Sherwood Partners, corporate undertaker, "has been engaged by Imergy to market and sell the Company’s assets, including all of its valued intellectual property assets," according to an offering obtained by GTM -- in case you're interested in starting a flow battery company on the cheap.

According to the document:

  • "Unfortunately, current investors have chosen not to continue to support the Company’s ongoing operations. As a result, Imergy entered into an Assignment for the Benefit of Creditors (“ABC”), a form of insolvency under California state law, on Monday, July 18, 2016."
  • "As a result of the ABC, the Company recently terminated its employees and ceased operations. However, the Assignee has retained the services of many of the key former employees to assist with the sale of the intellectual property and related assets."

Flow battery developer Imergy, the former Deeya, raised more than $100 million from Technology Partners, NEA, DFJ, BlueRun Ventures and SunEdison to commercialize a long-duration energy storage solution. (GTM Squared took a deep look at this technology here.) The company pivoted from its original iron-chromium chemistry to a vanadium electrolyte in 2013. Imergy also moved from the sulfuric acid usually used with vanadium to another acid, which aimed to reduce the problem of hydrogen forming in the charged electrolyte.

Imergy was working with contract manufacturer Flextronics to build a 5-kilowatt/30-kilowatt-hour battery for cellular towers and remote applications in India -- the application earnestly cited by all desperate flow-battery, battery and fuel cell manufacturers.

The now-bankrupt SunEdison had agreed to buy up to 1,000 of Imergy's 30-kilowatt units over the next three years for deployment in, wait for it, India, of course. It was by far the biggest single mirage of an order that Imergy -- or perhaps any other flow battery manufacturer -- had ever received.

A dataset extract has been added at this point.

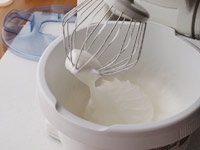 5.いよいよ卵白を泡立てます。もう一つのボウルに卵白を入れ泡立てていきます。まず卵白だけをミキシングしてかなりフワっとするまで泡立てます。(高速の「4」でおよそ1分30秒〜2分くらい)そして残っている砂糖50グラムを加えさらにミキシングします。高速の「4」で1分くらいのミキシングでOKです。マシーンを止めピンと角が立つくらいになったでしょうか。もしまだのようでしたら、様子を見ながらしっかりと泡立ててください。この卵白の泡立ては膨らみに影響しますので重要ですよ。マシーンを使うのはここまでです。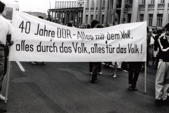 Banner, "40th anniversary of the GDR - doing everything with the people, through the people and for the people!""

And it disappeared just like SunEdison.

The offering letter makes some brave claims on the firm's cost-competitiveness, asserting that Imergy can "reduce the manufacturing costs of the flow batteries from $500 per kilowatt-hour, already an industry benchmark, to under $300 per kilowatt-hour."

The energy storage market is dynamic and growing -- the U.S. deployed 226 megawatts of storage in 2015, up 251 percent over 2014, according to GTM Research.

But sadly, most VC-funded companies fail, and Imergy, with its many good people, won't be our last energy storage startup obituary.